Move mouse over canvas to draw, pausing briefly between characters. You can click to reset a stroke.
This widget records your cursor's velocity as you drag it across the canvas and forwards
that data to
api.hectorastrom.com,
where the mouse velocity data is processed by a 1.2MB CNN hosted on an AWS
t3.small
instance in a couple of milliseconds. Most of the latency comes from the back-and-forth between AWS and your browser.####
How It Works
I don't actually know how scribble works on the Apple Watch - that's all
proprietary. It's certainly different from my version; after all, the engineers at
Apple were presented with much tighter constraints when building
their version than I was. However, that's also the reason this project could be built in a
few evenings of excited hacking, rather than by a team of payed engineers over XX months.
In this section, I'll describe how my version of scribble (the one you
tried above) works. This is a simple, fullstack ML project, but it's principles
& process are very universal. To see the code and read about my attempts, visit
the repo.
Pipeline
Scribble records mouse velocity data (either on device using
pynput, or in
browser with JavaScript), integrates the velocity data into positional data,
converts that positional data into a 28x28 image, and passes it through a
300K param CNN of 53 classes (a-z, A-Z and space). We sample the most likely
class as the letter prediction.There are a couple oddities in that pipeline that deserve some justification:
- Why do we record with velocity, if we're integrating to position anyway?

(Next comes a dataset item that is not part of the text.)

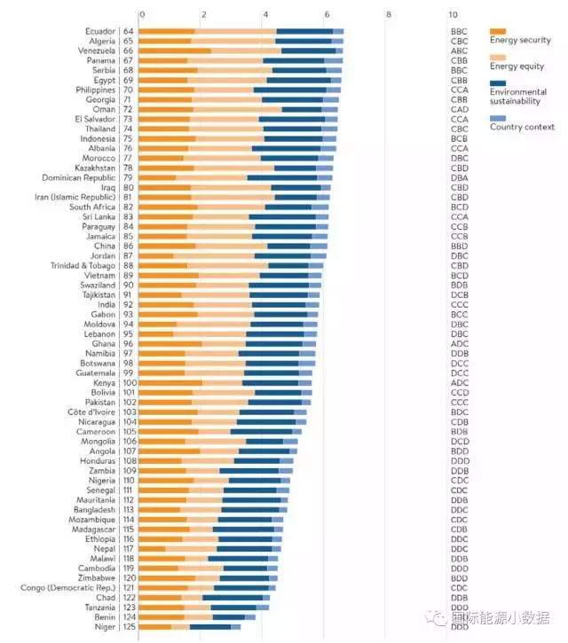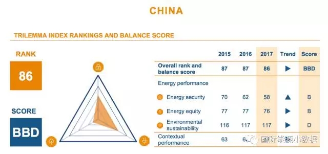 從三個維度分別來看,中國的能源安全指數(shù)表現(xiàn)尚好,排在125個國家中的第58位,高于平均水平;中國的能源公平性排在第76位,略低于平均水平;而環(huán)境可持續(xù)性排在第117位,幾乎墊底。
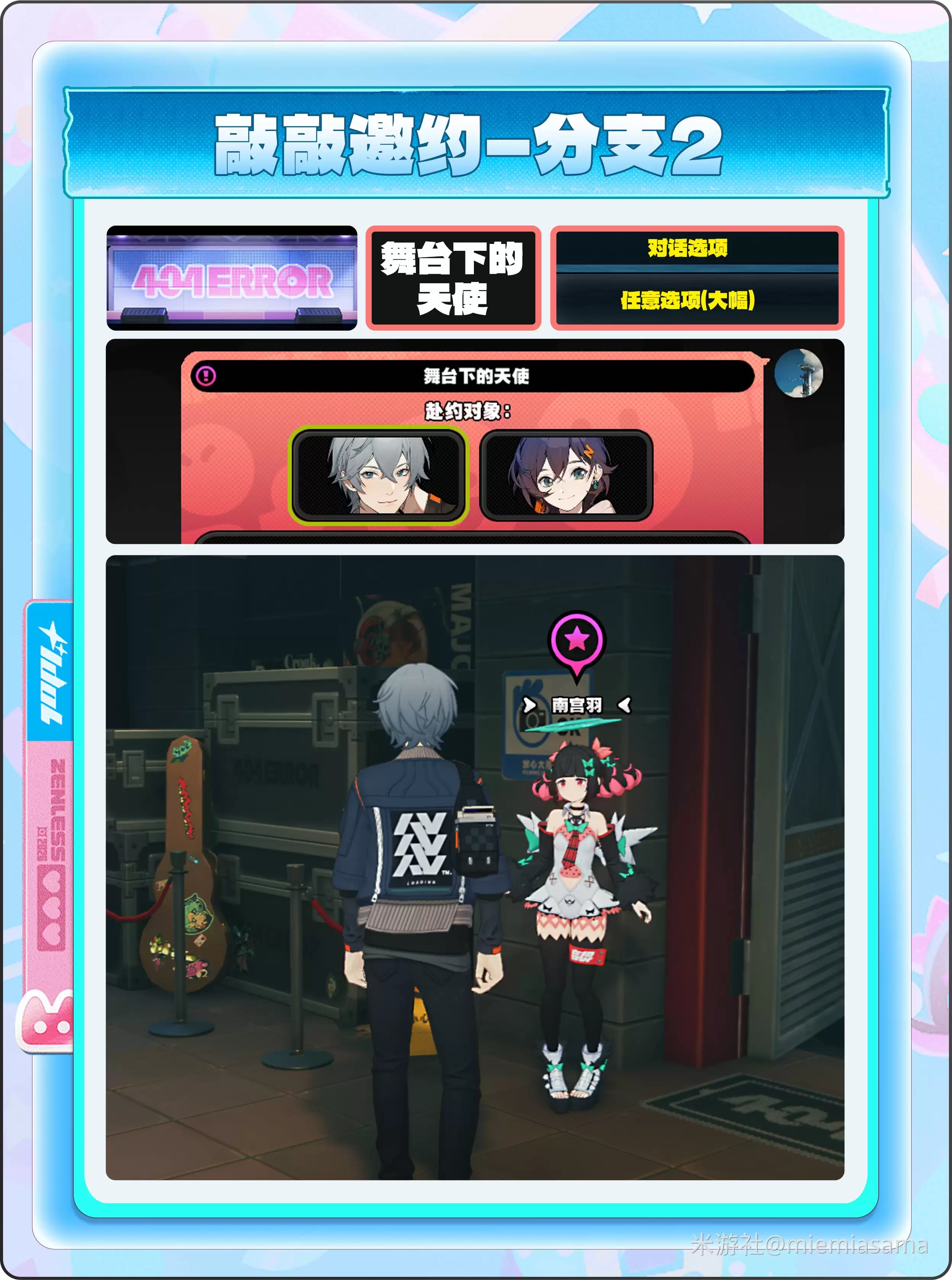 此邀约发生于【404LIVE】,主题是【舞台下的天使】。流程直接高效,核心关键在于对话选项。玩家在选择任意一项后,即可一次性获得“大幅”信赖度提升。目标明确,无需复杂操作,是快速积累信赖度的优选。

- Why do we convert timeseries data to images, effectively throwing out a rich source of information about the path of the cursor?
The first oddity is a vestige of a constraint I was previously under: this
project started for a different purpose, where all data I had access to was mouse
velocities. The second oddity actually has a good explanation, and will become
clear in the training section.
Training
The training of the stroke classification model is broken into two phases:
- Pretraining on EMNIST
- Finetuning on my own mouse strokes
Pretraining
I wanted to get a prototype of scribble up fast, which meant offloading as
much of the work as possible to existing assets. Originally, I thought I could do
that by using lightweight OCR models. This worked terribly, because as it turns
out OCR models are built specifically for clean,
typed characters - not messy, continuous mouse strokes.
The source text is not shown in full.